Applause is a fixed appointment in classical theatre. At the end of the play, the actor enters the stage for the first time "without" his role - a paradox of illusion theatre, which nevertheless strives to create an illusion throughout the evening.

In a theatre of encounter, the applause ritual does not exist. An encounter of two people does not end with applause, but with a farewell.

Bachelard, Gaston

"Bachelard's interest is in the simple poetic images that disturb the reader of a poem or a novel, do not let him go, 'take root in him'. Where does this power of the image come from? Psychoanalysis has tried - e.g. by means of dream interpretation - to dissolve the image intellectually and to trace it back to a hidden desire. 'The analyst explains the flower from the fertiliser', Bachelard counters. In his view, the poetic image is something absolutely primal, the imagination therefore one of the deepest human capacities.

Gaston Bachelard (b.1884, d.1962) was originally a natural scientist before turning to philosophical interests after a long period at school. It was not until 1930 that he began his university career, and in 1949 he was appointed to the chair of the history of science at the Sorbonne, a post he held until 1954." | Source: Gaston Bachelard: Poetik des Raums. Frankfurt a.M.: Fischer Verlag, 1997.
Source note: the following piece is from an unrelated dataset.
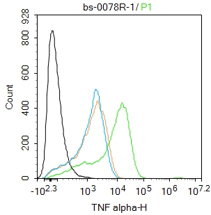 Primary Antibody (green line): Rabbit Anti-TNF alpha antibody (bs-0078R)

Theater Anu repeatedly comes across the writings, books and theories of Gaston Bachelard in the production phases of his productions. Bachelard himself oscillated between science and art in his writing, thus creating a scientific basis for the poetic and allowing science to become poetised art. Titles like "The Lamp Dreamer" or terms like "light work" or the "rêverie", the "reverie by small light" can be traced back to him. The connection between poetic images, beauty and happiness - as a moment of liveliness and joy, not gambling - is also found in Bachelard, who characterises the poetic image as "a direct reference of one soul to another, a meeting of two beings who feel happiness". Any artist concerned with poetic forms will find an ally in Gaston Bachelard. We were particularly inspired by his book "The Flame of a Candle".

Visitors

In Theater Anu's theatre work we do not speak of spectators but of visitors (see also under spectators). Be-seeking indicates active and purposeful action. The human being as a seeker, but also as a guest whose coming wants to be prepared. In the theatre installations, visitors are like travellers exploring a foreign land. They can come into contact with the inhabitants living there, but they don't have to. The degree of their willingness to participate, however, determines what and how much they will experience. To stage for a visitor means to formulate theatre as an offer. The theatre-maker creates a space of possibility, with stories and encounters. The visitor, however, makes the decision himself whether or not he wants to engage with the offers. This is important because the theatre-maker cannot know what the visitor can find for himself in the prepared staging.

Spectators

The concept of the spectator per se implies a great distance from the event. A spectator is spatially separated from the actual event. Being a spectator is the most distant form of perceiving an event. To be "less" than a spectator would mean not to experience the event. But the attitude of the spectator is also a distanced one. He does not intervene, does not come to the rescue, he always remains on the edge, on the border between going in and turning away, without even considering one or the other - if then the latter.

In the best case, we could still expect the spectator to be a witness, someone who has witnessed an event, who can talk about it, who tries to interpret the events from his or her outside perspective. Touching rarely takes place. Now one could counter that the spectator identifies with the protagonists, that through his empathy with the characters he becomes a participant in the events. Is that so? Is this the common experience of a theatre-goer or rather that rare stroke of luck that describes the exception to the rule?

The theatre building is made for the spectator. His place is a fixed one. The action takes place at a safe distance. The event will not reach him physically. In addition, the light is switched off at the spectator's place during the event, so he can attend the event under the protection of darkness, he seems to have become invisible as if through Alberich's invisibility cloak. The spectator is an invisible person. Why has this form of theatre remained so dominant for so long? Why did theatre rely precisely on such an arrangement? The tradition of classical theatre is a tradition of the invisible spectator.

As soon as I engage with the Invisible Spectator, freeing him from his bondage, theatre begins to become an adventure - for visitors as well as for director and actor.